Derived analytic spectral formulas for torsional mode frequencies and lifetimes.

Linked observed X-ray oscillations to crustal Alfven seismic vibrations.

Suggested magnetic stresses drive the observed quasi-periodic oscillations.

Abstract

Magneto-solid-mechanical model of two-component, core-crust, paramagnetic neutron star responding to quake-induced perturbation by differentially rotational, torsional, oscillations of crustal electron-nuclear solid-state plasma about axis of magnetic field frozen in the immobile paramagnetic core is developed. Particular attention is given to the node-free torsional crust-against-core vibrations under combined action of Lorentz magnetic and Hooke's elastic forces; the damping is attributed to Newtonian force of shear viscose stresses in crustal solid-state plasma.
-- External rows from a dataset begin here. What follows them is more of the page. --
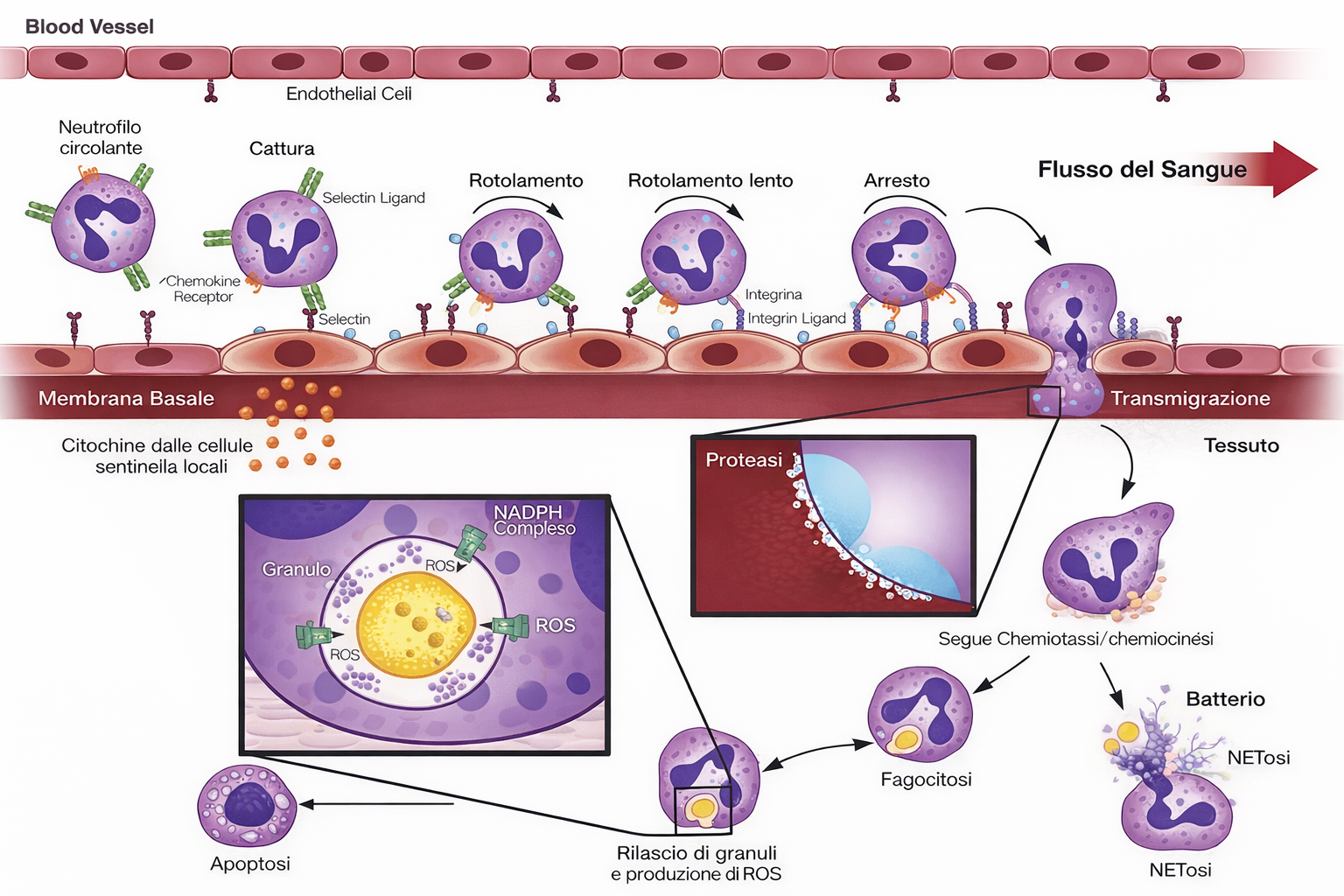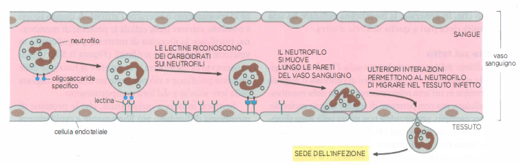 Tali interazioni governano processi biologici chiave. Nel riconoscimento gametico, determinanti oligosaccaridici della zona pellucida e della membrana dello spermatozoo mediano l’adesione iniziale. Durante le prime fasi della risposta infiammatoria, i neutrofili esprimono carboidrati superficiali che sono selettivamente riconosciuti da lectine (come le selectine) espresse dall’endotelio dei vasi nella regione infetta: il legame transitorio consente il rotolamento, seguito da adesione salda e diapedesi verso il tessuto interessato (Figura 05.02-14). Insieme, questi esempi illustrano come il glicocalice integri protezione fisica e comunicazione molecolare, orchestrando il comportamento collettivo delle cellule nei tessuti.
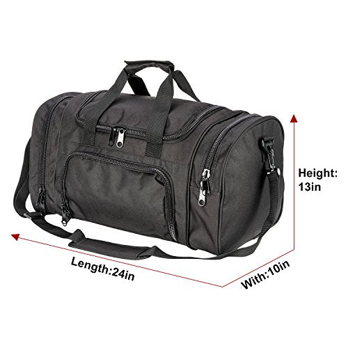 Details: This medium size bag is roughly 10 inches wide and in depth. The overall length is 24 inches. Large areas on the sides and top flap are ideal for embroidering or printing with your favorite insignia or logo. The front accessory pocket provides a wide but shallow space for smaller devices and items. The side compartment offer more room for smaller items that need separation for the main compartment. The main compartment is large and offers mildew resistant wipe-down material for longevity and strength over a lifetime of use. If you are looking for a quality gym bag or carry-on for flights, this bag will give you years of service.
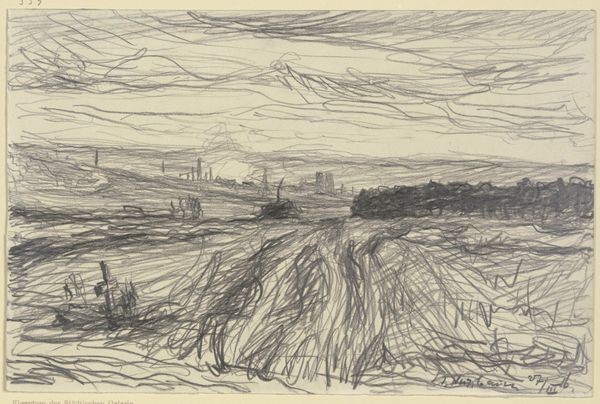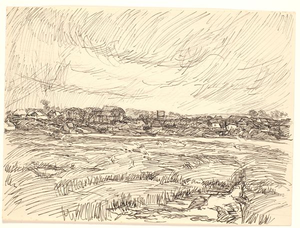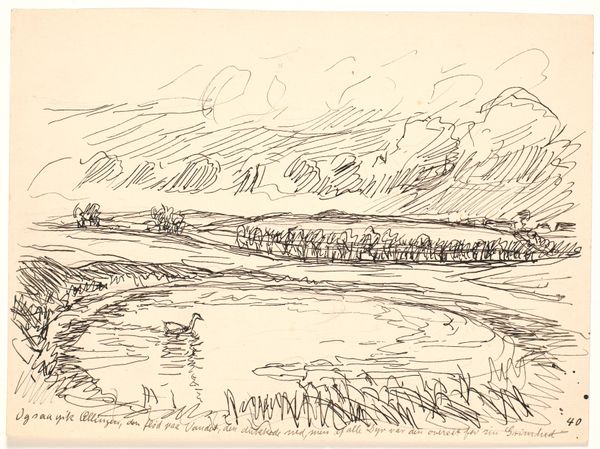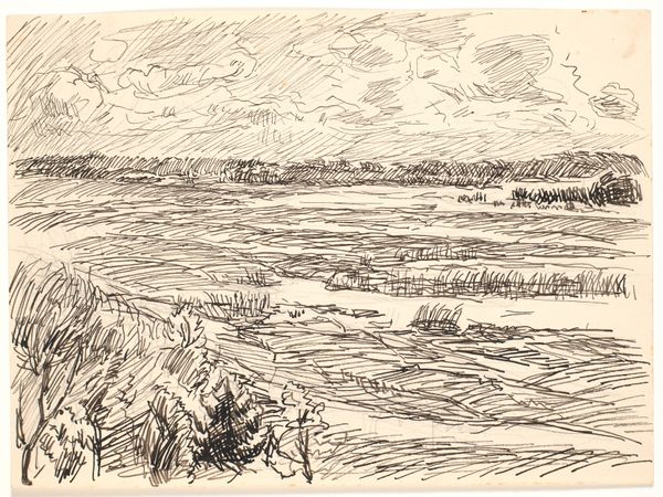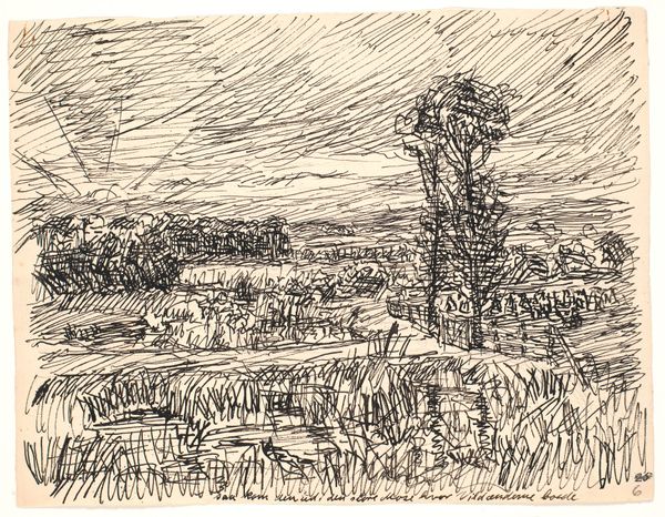Curator: "Landskab med marker," or "Landscape with Fields," done in 1928 by Fritz Syberg, gives us a glimpse into the Danish countryside using primarily pen and ink. What’s your first impression? Editor: I'm immediately struck by its unsettled quality. It's not your typical pastoral scene; there's a sense of almost frenetic energy in the lines, particularly in the sky. Curator: Absolutely! It’s like the pen itself is mimicking the wind. You feel like you’re right there, about to be swept away by it. The use of line is fascinating, isn't it? Look at how Syberg uses hatching to create depth in the fields, yet everything retains this light, airy quality. It’s a dance between precision and looseness. Editor: That interplay speaks volumes. Consider the period – 1928, just before the Depression. This frantic linework might reflect the underlying anxiety and uncertainty of the era, especially regarding land and livelihood. Were these fields fruitful? Were the farmers prospering, or struggling against forces beyond their control? Curator: That’s a compelling reading. I think about Syberg’s own life; his struggles with mental health, the intensity he poured into his work. Maybe it's not just the land itself but a projection of inner turmoil. The landscape becoming a mirror for the artist’s emotional state. Editor: Yes! And landscapes have historically served as powerful markers of identity and ownership. Whose land is this? Who benefits from its yield? Syberg might be subtly questioning these power dynamics through the seemingly simple act of sketching a field. The absence of people further emphasizes the raw, almost violated, feeling of the earth. Curator: Violated, in what sense? Editor: Exploited, perhaps. Think about agricultural practices, land ownership concentrated in the hands of a few. Even without explicit figures, the drawing subtly evokes themes of labor and social inequality tied to the land. Curator: It's funny how a seemingly straightforward sketch can open up into such layered interpretations. It's a testament to art's ability to hold so many meanings simultaneously. Editor: Indeed. Syberg gives us a glimpse of a place and moment, but the ink bleeds beyond the literal. We're left pondering not just what we see, but what it suggests about the human relationship to the earth.

The spectral formulae for the frequency and lifetime of this toroidal mode are derived in analytic form and discussed in the context of quasi-periodic oscillations of the X-ray outburst flux from quaking magnetars. The application of obtained theoretical spectra to modal analysis of available data on frequencies of oscillating outburst emission suggests that detected variability is the manifestation of crustal Alfven's seismic vibrations restored by Lorentz force of magnetic field stresses.